• Articolo , 25 novembre 2009
  • Mozione sui Cambiamenti climatici, il si della Camera

  • L’on. Scipoliti (IDV) plaude l’approvazione nella seduta odierna della mozione Casini, Ghiglia, Realacci, ed altri sui cambiamenti climatici e sulle connesse politiche pubbliche

(Rinnovabili.it) – Farsi promotore al Vertice Onu di iniziative che sostengano lo sviluppo dell’edilizia e trasporti pubblici eco-sostenibili ed il risparmio energetico; adoperarsi, nell’ambito della conferenza di Copenhagen per incentivare l’uso diffuso delle rinnovabili, gli investimenti in tecnologie per la riduzione di emissioni di anidride carbonica e l’aumento dell’indipendenza energetica così come per prevedere per i Paesi più industrializzati un impegno a ridurre le proprie emissioni di gas serra di almeno il 40 per cento entro il 2020, rispetto ai livelli del 1990; incentivare a breve termine, il ricorso ad energie innovative, come l’energia elettrica basata sull’idrogeno e consolidare per le rinnovabili tradizionali i meccanismi d’incentivazione coerenti con le più avanzate esperienze europee.
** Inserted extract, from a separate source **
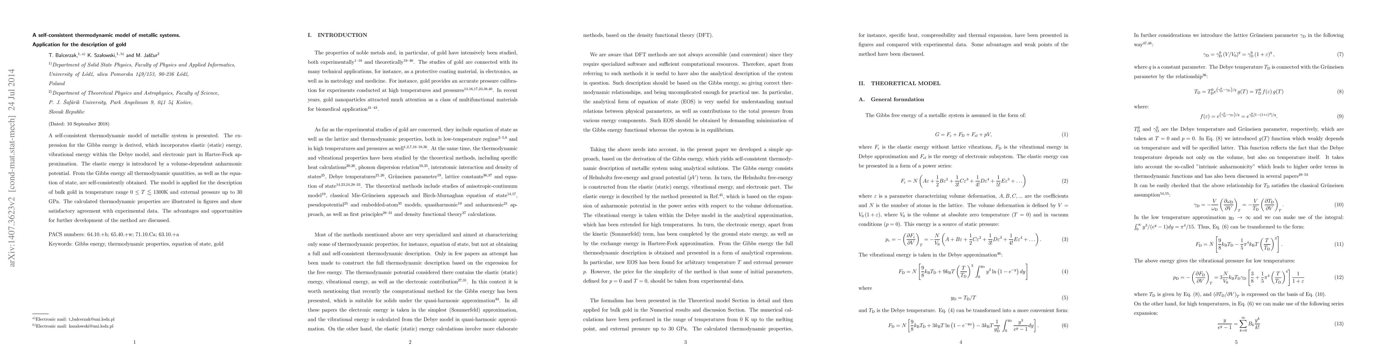 This paper presents a self-consistent thermodynamic model for metallic systems, incorporating elastic, vibrational, and electronic energy components. The model accurately describes bulk gold's thermodynamic properties over a wide temperature and pressure range, showing good agreement with experimental data.

Questi sono solo alcuni degli impegni contenuti nella “mozione n. 1-290”:http://www.camera.it/_dati/lavori/odg/cam/allegati/20091125.htm Casini, Ghiglia, Realacci ed altri sui cambiamenti climatici e sulle connesse politiche pubbliche approvata oggi nella parte antimeridiana della seduta la Camera e felicemente accolto dall’On. Domenico Scilipoti al quale preme però poter veder tradotto in realtà l’intento espresso oggi: “E’ doveroso aggiungere come ai buoni propositi debbano seguire i fatti; invito quindi il Governo a dare un seguito sostanziale a quanto detto sino ad ora in materia di abbattimento delle emissioni di gas serra. L’Italia si è impegnata agli occhi del Mondo ora non possiamo commettere errori al vertice di Copenhagen, ne va della nostra credibilità!”, ha concluso Scilipoti.